Теперь оставалось только ждать…
* * *Прошел всего какой-то день после встречи в заброшенном доме на алее Ганновер, 25. Правда, за это короткое время произошло много такого, что полностью искромсало жизнь сэра Ильдиара де Нота.
Был вечер накануне судьбоносного поединка. Белый Рыцарь сидел в своем шатре на окраине столичного ристалищного поля, располагавшегося в пяти милях от Гортена, неподалеку от реки Светлой и моста Трех Мечей. Он тяжело откинулся в глубоком кресле, и сейчас вид его был действительно жалок. Всего одна ночь его убила… уничтожила… втоптала в пыль.

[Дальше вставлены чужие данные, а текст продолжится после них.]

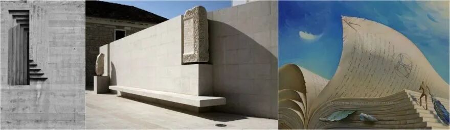 石块构成的台阶,利用镜像引领观者缓步而上,犹如通往未知世界的天梯,体块缝隙间的光带,让厚重的台阶变得轻盈起来。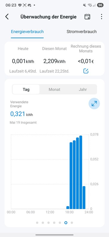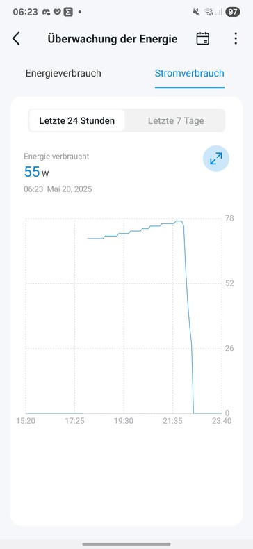 Das Ladegerät schafft im Test eine Ladeleistung von etwa 70 Watt. Die auf der Testrunde verbrauchten 321 Wh werden in etwa 6 Stunden nachgeladen. Der Scooter zeigt auf dem Display und in der App den Ladestand und die verbleibende Ladezeit an.

Зверское убийство в Старом городе сыграло на руку тому, кто все это затеял, кто заставил простой народ считать его убийцей детей, проклятым душегубом. Изабелла… милая Изабелла похищена лишенными всякой чести мерзавцами. И не грози ее жизни опасность, он бы уничтожил этих демонов во плоти прямо там, в старом поместье, окруженном дряхлым парком. Но что же делать теперь? Видит Хранн, он не знает! Как спасти любимую? У кого просить помощи? Все уже перепробовано…
Король не в силах его защитить. Да и как тут защитишь, когда каждая собака в обеих частях города лает: «Казнить душегуба! Казнить душегуба!» Руки Его Величества оказались в данной ситуации связаны. Следующим человеком, кто был бы в состоянии помочь, являлся тот, кого никогда не волновали политические игры, придворные интриги и дрязги, а если и интересовали, то лишь с профессиональной точки зрения. Прево… Но его нет уже давно, и куда он запропастился, никто не знает. В последний раз Черного Пса видели перед королевским Военным Советом, когда на аудиенцию во дворец пожаловала эльфийская принцесса, немногим позже падения Элагона. Что же касается помощников Бриара Каземата… Эх… Вот как раз с ними, Ильдиар уже в этом убедился, ему не стоит иметь никакого дела. Сразу после встречи в доме на аллее Ганновер он попытался увериться, что Танкред и его братья не блефуют – он послал срочное письмо с голубем в Даренлот, замок леди де Ванкур, но спустя всего лишь час ему это письмо вручил не кто иной, как сам первый заместитель Прево сеньор Тимос Блант с пожеланиями доброго вечера и советом «не трепыхаться, иначе кое-кто пожалеет». Намек был кристально прозрачен – тайная стража в сговоре с Бремерами, поэтому не стоило сомневаться: каждый его шаг прослеживается, вся переписка под наблюдением, во всех встречах присутствуют чьи-то глаза и уши.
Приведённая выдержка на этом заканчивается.